Io ti posso assicurare che con il mio plasma da 42" che guardo da una distanza di 1.70m, la differenza con il dvd c'è e non è neppure poca. Il discorso del proiettore è senz'altro giusto, l'esperienza che può offrire è sicuramente superiore a qualunque tv, però io nel mio caso dovrei abbattere la parete del soggiorno per farcelo stare.
Per cui bisogna sempre valutare la cosa nel complesso, dire che i monitor lcd/plasma non bastano mi pare un po estremistico e inesatto, anche loro riescono, in misura minore rispetto ad un proiettore, ad offrire l'alta definizione.
P.S.
Bisogna sempre tenere in considerazione che esiste una distanza corretta di visione, se si compera un 50" e poi lo si guarda da 3 metri e mezzo, difficilmente si noteranno grosse differenze rispetto ad un dvd.
 
Non vorrei fare la parte dell'inesperto o scemo,ma io la differenza tra dvd e materiale hd l'ho notata anche sul mio sharp da 37 pollici (da notare che sono anche miope :) ).Con ciò non tolgo che su un vpr la differenza deve essere abissale.
Concordo poi con theraptus:tra i miei coetanei (ho 17 anni) lo strano sono io (a cui si aggiungono tutti i commenti riguardo ai costi del tutto il sistema).
Ultima precisazione:a mio parere l'ht non 'decolla' perchè non è considerato di moda:non sei un 'pazzo' se spendi 500 euro per un iphone ma sei un cretino se ti compri un blu-ray per il loro costo e cosi avanti.Non so se ho reso l'idea.
 
Non te la prendere Picard, è solo una mia personale opinione,;)
Purtroppo non mi piacciono i monitor con quelle tecnologie, ma è un problema mio.
Mi fa piacere che anche chi ha comprato questo tipo di televisori sia soddisfatto dell'HD e riesca a goderne a pieno.

Andrea
 
Anch'io,con un occhio piu' o meno pratico,sono rimasto di stucco con il mio LCD Sony 46" FullHD piu' di 2 anni fa,quando comprai i primi HD-DVD.Poi pero' con lo schermo la differenza diventa davvero incolmabile.
 
alpy ha detto:
Non te la prendere Picard...
No mi hai frainteso, non me la sono presa, ho solo precisato che non è corretto dire che l'hd si può godere solo con un proiettore, anche con un monitor, alla corretta distanza l'esperienza c'è ed è coinvolgente.

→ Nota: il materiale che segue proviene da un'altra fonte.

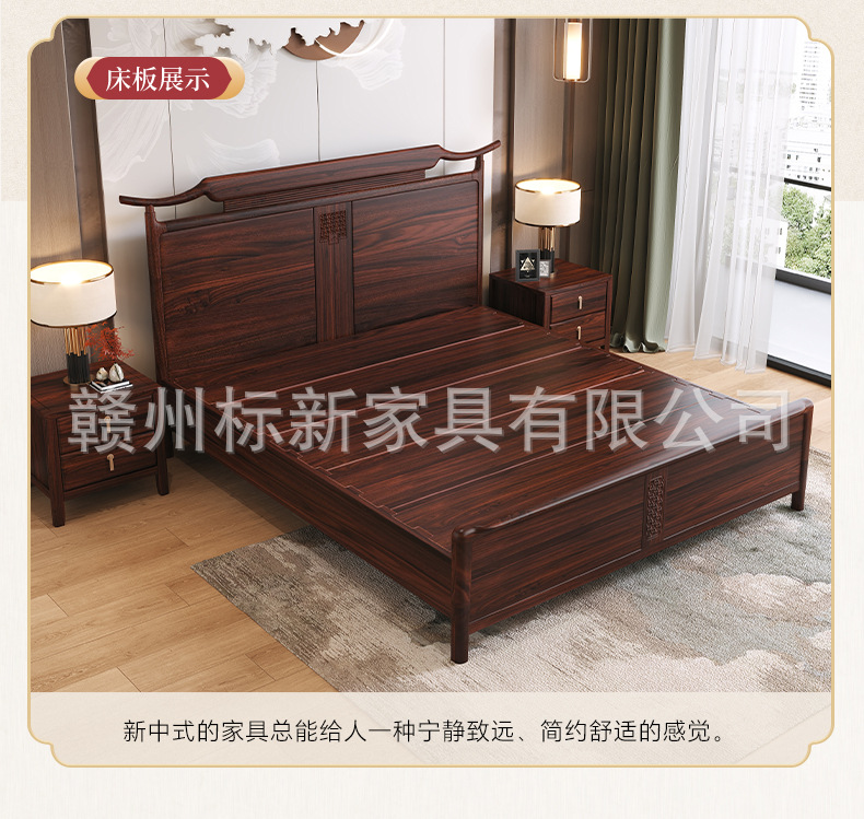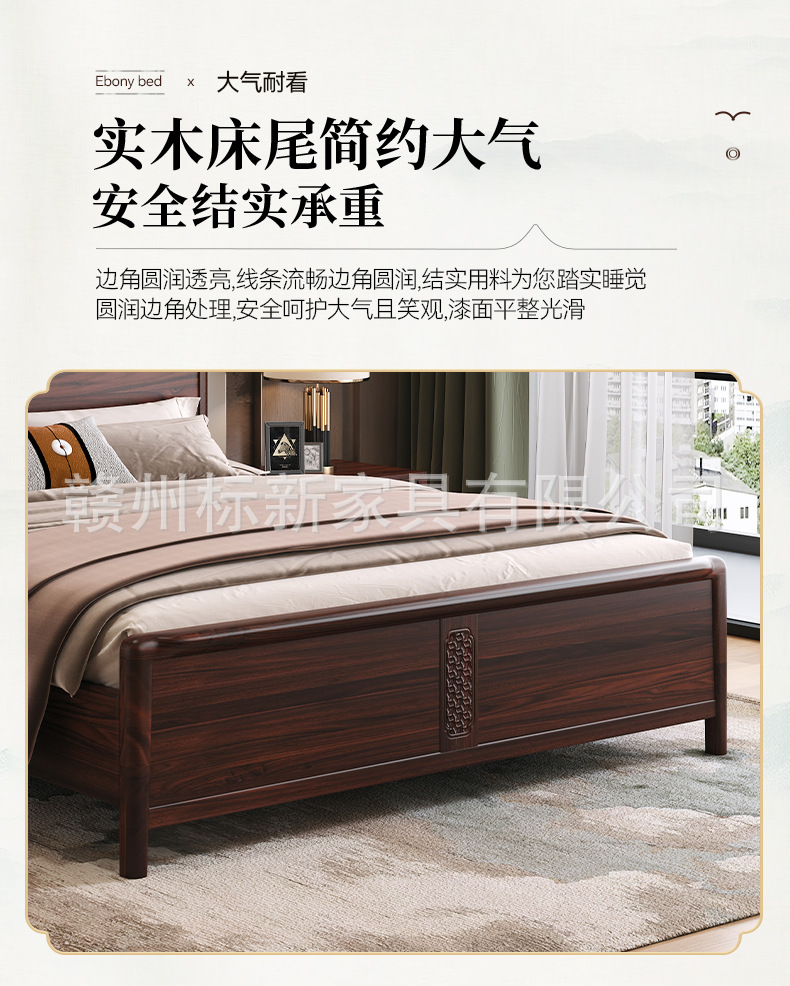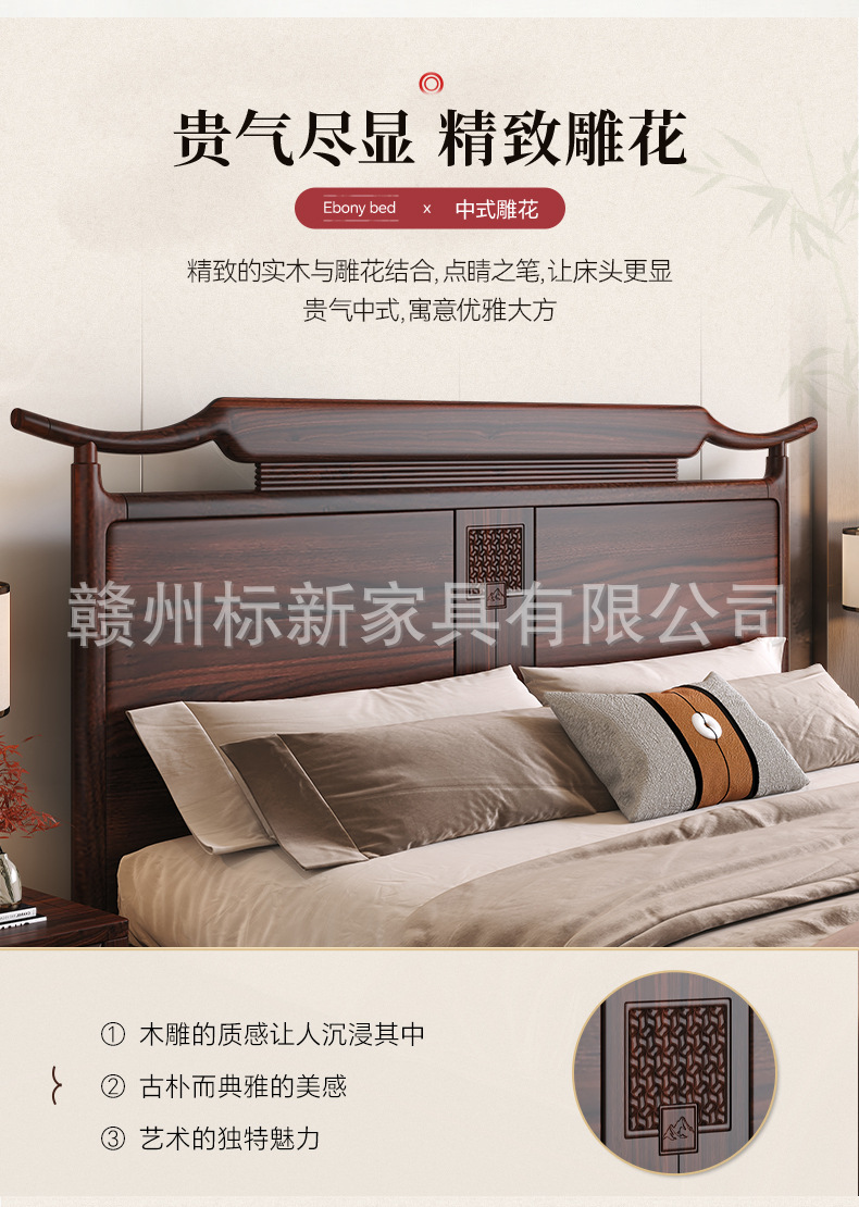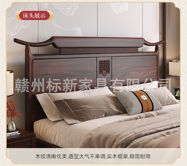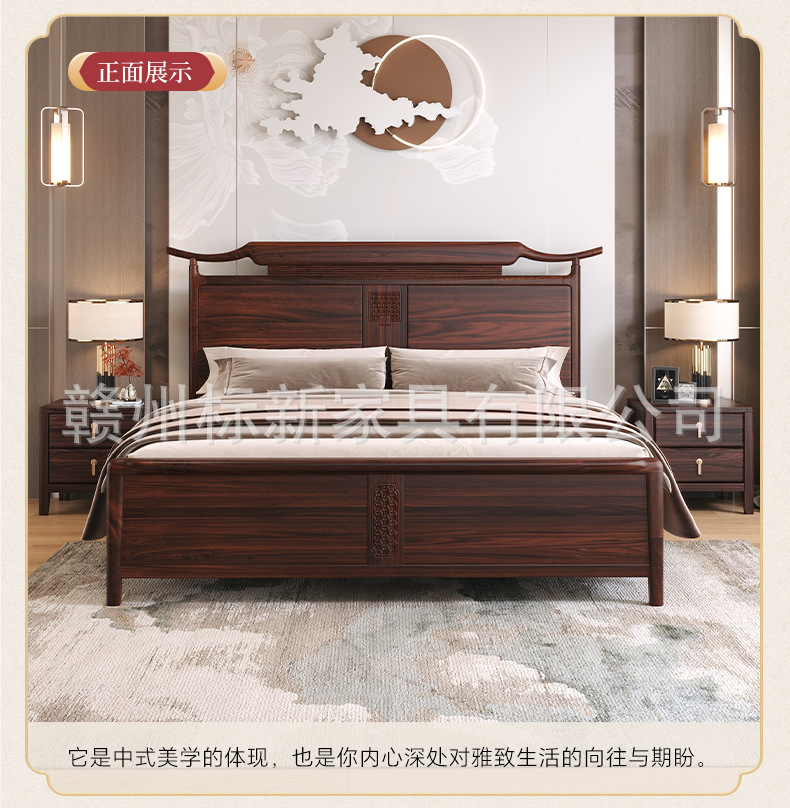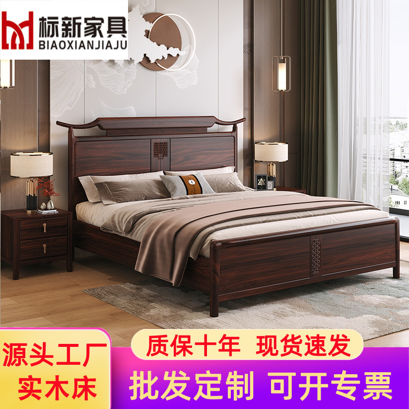 새로운 중국 스타일의 검은 골드 우드 솔리드 우드 침대 마스터 침실 1.8m 더블 킹 사이즈 침대 홈 현대 간단한 빛 럭셔리 스토리지 웨딩 침대스토어 가기

Se mi passi il paragone è come dire che una porsche 911 non andrà mai forte come una ferrari 430, che è vero, ma resta comunque un bel viaggiare!:D
 
Costi folli del blu ray a parte, che lo relegano solo agli appassionati. Il fatto è che per un utenza media, quindi includo anche il 50enne medio, un nuovo tv non deve costare più di 800/1500€, e 42" sono già tanti, più grande per loro equivale a brutto! Aggiungiamo che non sono capaci di fare i collegamenti e non gli interessa farlo, (più volte ho visto lettori dvd collegati in video composito, anche da 30enni). Poi l'audio migliore, ma se è già un lusso che colleghino un compattino da 300€ alla tv, in genere se uno non è appassionato non le vuole tutte quelle casse per vedere un film, senza contare che costano gli impianti HT decenti. In ultima aggiungo, che da varie persone portate a guardare un a 3mt un FHD non sono rimaste sorprese e affermavano che si vedeva come a casa loro (parlo di colleghi di lavoro oltre ai miei genitori). Alla fine concludono sempre con: ma mica siamo al cinema, a me basta anche così. Quindi il dvd ha introdotto tanti vantaggi, oltra a quelli video, anche la seccatura di riavvolgere le cassettone, il br, sembra solo uno step evolutivo, e finchè non costerà 150€ il lettore e si noleggeranno solo BR, le persone normali andranno ancora di dvd. Contando che conosco gente che guarda ancora le videocassette ...massìtantomibasta dicono...
 
Per Picard
In realtà non ho scritto che non è percepibile in senso assoluto, ma che per spronare chi è ancora scettico (le tre persone rimanenti citate nell’articolo), forse bisognerebbe rendere questo salto ancora più evidente.
Poi è logico che la differenza tra standard definition e HD è evidente anche per me, con qualsiasi display.
Per quanto riguarda i televisori HD attuali, ne faccio più che altro un discorso di look, nel senso che con un VPR FULL-HD, oltre ad una maggiore qualità generale, si ha un look più cinematografico che con un monitor. Ma questo è un altro discorso ancora.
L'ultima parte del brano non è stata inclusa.